What you are asked to do>
Only the lines from the one containing "Больше всего заявок" through the last line of the material should be copied, exactly as written and without pictures.

Recorded information>

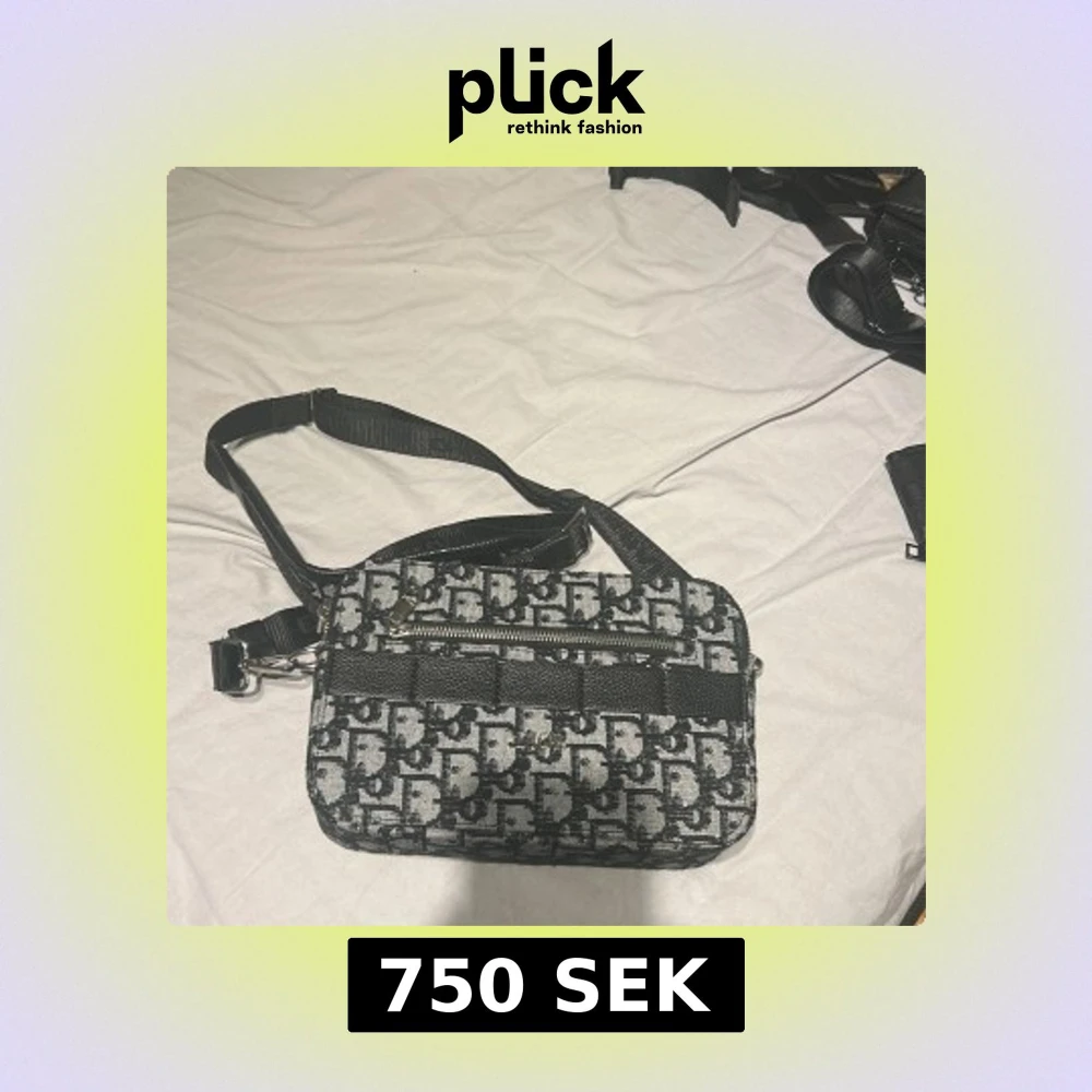 Snygg axelväska fmed svart och grått mönster, justerbar rem och praktisk dragkedja framtill. Väskan har en rektangulär form och är perfekt för att bära dina essentials.
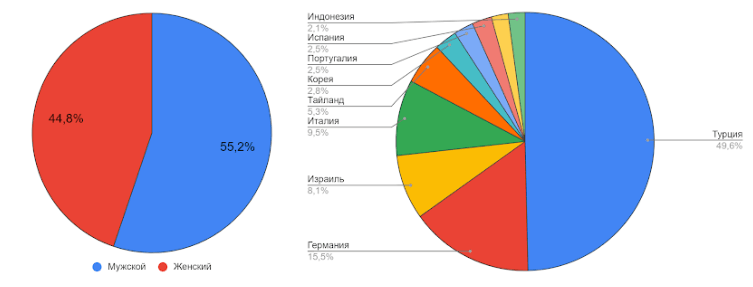 Больше всего заявок пришло из Турции (141), Германии (44), Израиля (29) и Италии (27) .
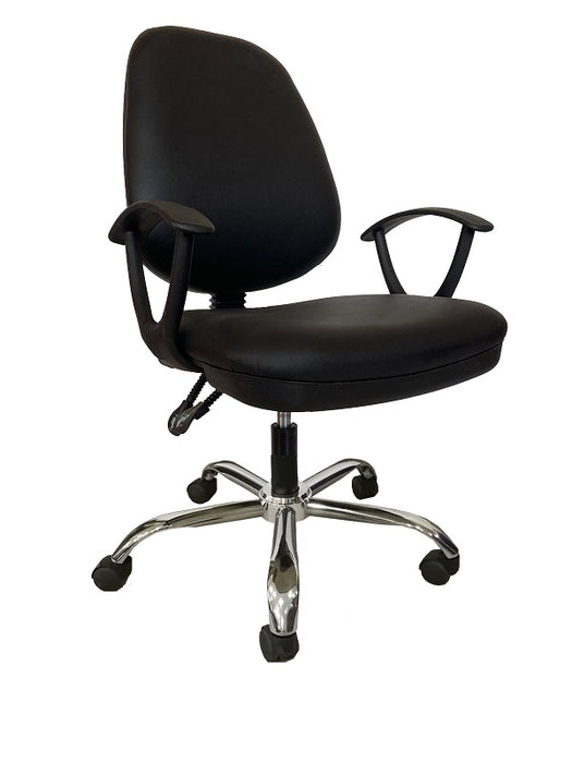 Product Name in Arabic: Wide Secretary Chair in Luxury Black Leather with Chrome Base

Solved exercise>
 Больше всего заявок пришло из Турции (141), Германии (44), Израиля (29) и Италии (27) .
 Product Name in Arabic: Wide Secretary Chair in Luxury Black Leather with Chrome Base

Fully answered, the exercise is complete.